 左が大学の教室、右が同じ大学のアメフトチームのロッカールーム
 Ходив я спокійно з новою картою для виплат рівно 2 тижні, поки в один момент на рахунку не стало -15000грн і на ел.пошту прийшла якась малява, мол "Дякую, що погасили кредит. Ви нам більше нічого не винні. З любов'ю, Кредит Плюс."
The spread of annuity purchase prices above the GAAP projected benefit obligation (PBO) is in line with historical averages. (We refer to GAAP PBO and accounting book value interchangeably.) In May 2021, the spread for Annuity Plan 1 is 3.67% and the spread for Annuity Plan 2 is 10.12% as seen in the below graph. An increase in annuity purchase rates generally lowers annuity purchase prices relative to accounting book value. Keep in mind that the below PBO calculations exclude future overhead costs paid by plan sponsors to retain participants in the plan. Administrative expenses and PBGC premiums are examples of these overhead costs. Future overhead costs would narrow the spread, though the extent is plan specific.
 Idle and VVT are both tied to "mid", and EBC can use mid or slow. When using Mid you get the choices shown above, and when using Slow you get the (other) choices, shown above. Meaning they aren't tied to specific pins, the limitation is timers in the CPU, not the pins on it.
___
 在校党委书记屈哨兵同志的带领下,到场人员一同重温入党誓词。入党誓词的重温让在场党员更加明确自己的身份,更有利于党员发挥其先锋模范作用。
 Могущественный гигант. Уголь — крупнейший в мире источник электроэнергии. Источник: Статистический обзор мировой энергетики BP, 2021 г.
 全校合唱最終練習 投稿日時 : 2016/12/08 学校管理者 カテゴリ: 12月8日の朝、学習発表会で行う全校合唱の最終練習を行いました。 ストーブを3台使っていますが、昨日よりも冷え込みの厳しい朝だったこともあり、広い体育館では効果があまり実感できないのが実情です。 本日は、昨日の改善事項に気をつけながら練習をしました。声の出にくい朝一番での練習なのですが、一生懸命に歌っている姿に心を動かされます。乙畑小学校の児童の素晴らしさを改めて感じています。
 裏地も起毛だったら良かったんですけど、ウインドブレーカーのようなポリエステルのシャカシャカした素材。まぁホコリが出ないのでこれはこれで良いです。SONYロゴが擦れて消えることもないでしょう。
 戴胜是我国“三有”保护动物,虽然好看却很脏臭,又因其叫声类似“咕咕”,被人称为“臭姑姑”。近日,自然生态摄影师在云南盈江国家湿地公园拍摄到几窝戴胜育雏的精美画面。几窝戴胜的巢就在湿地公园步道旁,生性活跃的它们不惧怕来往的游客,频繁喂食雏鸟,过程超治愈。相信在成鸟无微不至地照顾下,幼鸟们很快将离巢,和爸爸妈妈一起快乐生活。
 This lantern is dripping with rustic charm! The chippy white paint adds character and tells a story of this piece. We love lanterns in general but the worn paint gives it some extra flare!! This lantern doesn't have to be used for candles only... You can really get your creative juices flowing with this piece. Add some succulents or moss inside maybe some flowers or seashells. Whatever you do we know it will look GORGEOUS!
___
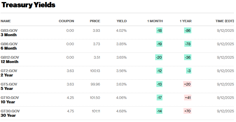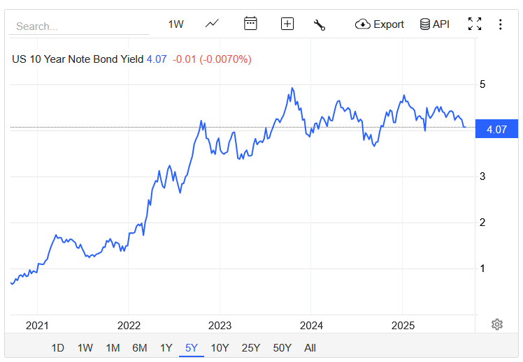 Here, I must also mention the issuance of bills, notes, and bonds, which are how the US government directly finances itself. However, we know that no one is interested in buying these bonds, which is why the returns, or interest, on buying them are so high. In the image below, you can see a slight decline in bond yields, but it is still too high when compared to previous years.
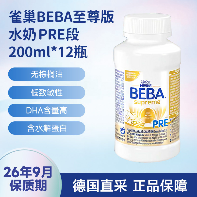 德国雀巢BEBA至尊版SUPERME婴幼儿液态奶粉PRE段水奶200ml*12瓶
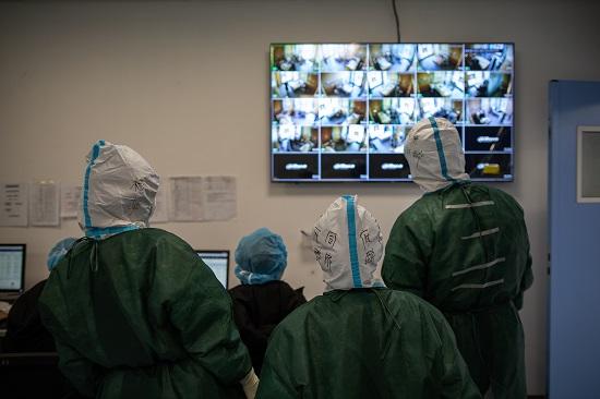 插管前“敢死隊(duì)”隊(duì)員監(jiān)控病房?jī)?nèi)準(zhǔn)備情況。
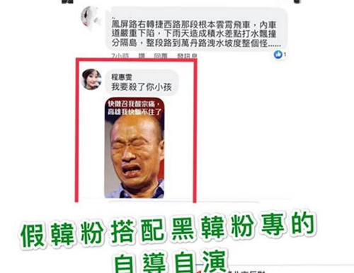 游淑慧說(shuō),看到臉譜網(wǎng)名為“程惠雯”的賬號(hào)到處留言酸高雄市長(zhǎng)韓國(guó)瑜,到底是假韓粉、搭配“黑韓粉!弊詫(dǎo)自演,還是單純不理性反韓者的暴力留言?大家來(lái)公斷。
___
Above are the entries. Copy exactly the part that opens with the line containing "左が大学の教室、右が同じ大学のアメフトチームのロッカールーム" and closes with the line containing "Ходив я спокійно", and no more.

■ RESPONSE
 左が大学の教室、右が同じ大学のアメフトチームのロッカールーム
 Ходив я спокійно з новою картою для виплат рівно 2 тижні, поки в один момент на рахунку не стало -15000грн і на ел.пошту прийшла якась малява, мол "Дякую, що погасили кредит. Ви нам більше нічого не винні. З любов'ю, Кредит Плюс."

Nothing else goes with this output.